• **Work request**
Take from the entries below the stretch from the line with "A female individual" through the line with "Le couteau fixe", and return it exactly, leaving the pictures out.

• **Information supplied**
──────────
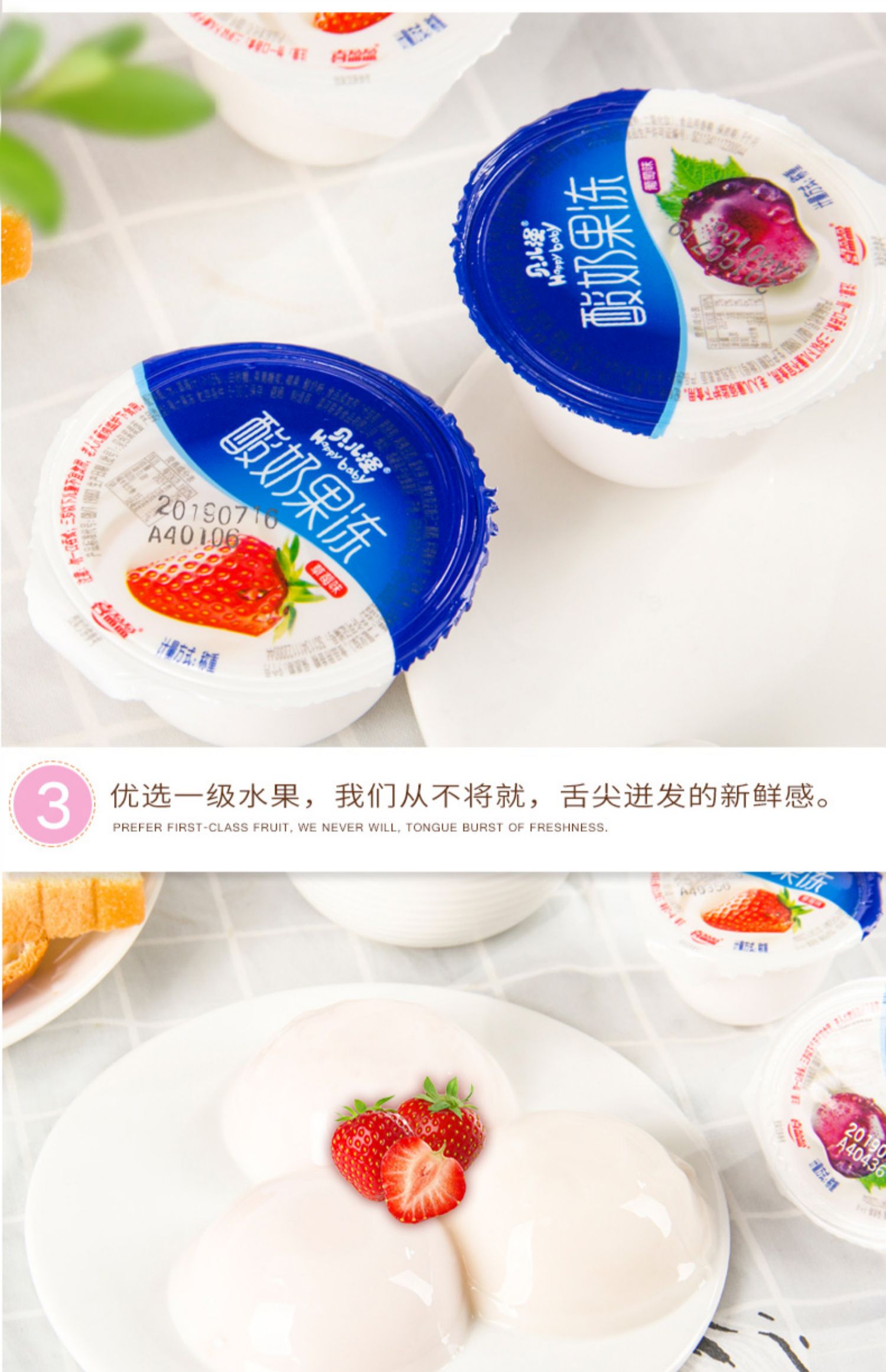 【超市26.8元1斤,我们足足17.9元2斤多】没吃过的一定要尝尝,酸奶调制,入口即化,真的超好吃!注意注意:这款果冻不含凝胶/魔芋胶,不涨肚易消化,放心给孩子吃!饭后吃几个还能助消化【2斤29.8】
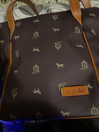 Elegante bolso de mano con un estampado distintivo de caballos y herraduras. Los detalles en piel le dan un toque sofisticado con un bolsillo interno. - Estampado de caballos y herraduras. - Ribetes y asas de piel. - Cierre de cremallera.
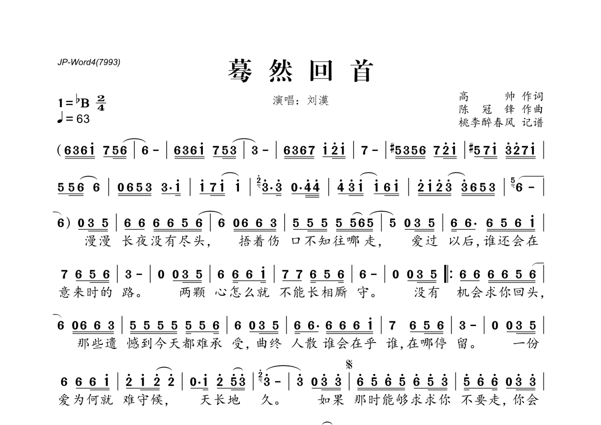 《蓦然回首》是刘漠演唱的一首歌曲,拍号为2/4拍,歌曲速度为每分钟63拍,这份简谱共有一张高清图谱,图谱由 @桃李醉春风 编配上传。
──────────
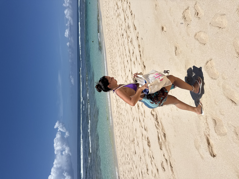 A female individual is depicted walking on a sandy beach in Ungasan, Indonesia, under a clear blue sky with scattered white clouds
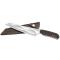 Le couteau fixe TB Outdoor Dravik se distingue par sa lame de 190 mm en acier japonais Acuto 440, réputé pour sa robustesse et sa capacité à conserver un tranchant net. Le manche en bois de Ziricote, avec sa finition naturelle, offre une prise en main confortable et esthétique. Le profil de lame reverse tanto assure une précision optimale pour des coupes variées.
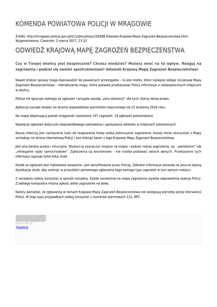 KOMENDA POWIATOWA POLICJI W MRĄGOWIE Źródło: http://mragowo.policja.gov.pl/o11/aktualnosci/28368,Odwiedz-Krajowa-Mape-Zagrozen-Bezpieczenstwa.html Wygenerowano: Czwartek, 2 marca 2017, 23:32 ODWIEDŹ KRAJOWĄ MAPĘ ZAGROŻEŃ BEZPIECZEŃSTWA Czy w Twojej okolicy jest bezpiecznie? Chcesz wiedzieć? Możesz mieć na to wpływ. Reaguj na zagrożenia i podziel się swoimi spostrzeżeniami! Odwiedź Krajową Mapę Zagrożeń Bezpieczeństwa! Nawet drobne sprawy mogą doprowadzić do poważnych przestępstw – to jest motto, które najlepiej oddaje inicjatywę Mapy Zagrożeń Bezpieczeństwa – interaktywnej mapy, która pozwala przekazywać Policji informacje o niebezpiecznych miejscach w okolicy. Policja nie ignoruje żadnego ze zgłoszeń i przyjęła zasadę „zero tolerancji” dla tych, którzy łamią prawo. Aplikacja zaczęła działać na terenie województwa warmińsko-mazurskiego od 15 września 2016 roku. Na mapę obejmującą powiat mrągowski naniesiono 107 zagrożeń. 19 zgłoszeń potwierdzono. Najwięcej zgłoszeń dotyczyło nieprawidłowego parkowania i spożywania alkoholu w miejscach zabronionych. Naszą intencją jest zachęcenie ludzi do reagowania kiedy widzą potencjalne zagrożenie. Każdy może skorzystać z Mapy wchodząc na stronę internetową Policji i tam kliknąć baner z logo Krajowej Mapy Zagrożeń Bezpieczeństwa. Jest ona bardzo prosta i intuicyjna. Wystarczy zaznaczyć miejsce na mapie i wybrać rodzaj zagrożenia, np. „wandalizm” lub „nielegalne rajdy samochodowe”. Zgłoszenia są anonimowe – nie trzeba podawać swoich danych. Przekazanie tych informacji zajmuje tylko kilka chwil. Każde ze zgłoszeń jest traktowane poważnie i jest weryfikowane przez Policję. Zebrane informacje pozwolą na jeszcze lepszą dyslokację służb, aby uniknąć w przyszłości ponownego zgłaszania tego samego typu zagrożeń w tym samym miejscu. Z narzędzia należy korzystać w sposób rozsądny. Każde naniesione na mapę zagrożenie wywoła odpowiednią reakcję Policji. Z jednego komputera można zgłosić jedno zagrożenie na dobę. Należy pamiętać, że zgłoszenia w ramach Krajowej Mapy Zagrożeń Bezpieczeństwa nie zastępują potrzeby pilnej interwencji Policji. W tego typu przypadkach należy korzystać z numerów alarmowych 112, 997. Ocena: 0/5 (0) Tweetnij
──────────
• **Problem solution**
 A female individual is depicted walking on a sandy beach in Ungasan, Indonesia, under a clear blue sky with scattered white clouds
 Le couteau fixe TB Outdoor Dravik se distingue par sa lame de 190 mm en acier japonais Acuto 440, réputé pour sa robustesse et sa capacité à conserver un tranchant net. Le manche en bois de Ziricote, avec sa finition naturelle, offre une prise en main confortable et esthétique. Le profil de lame reverse tanto assure une précision optimale pour des coupes variées.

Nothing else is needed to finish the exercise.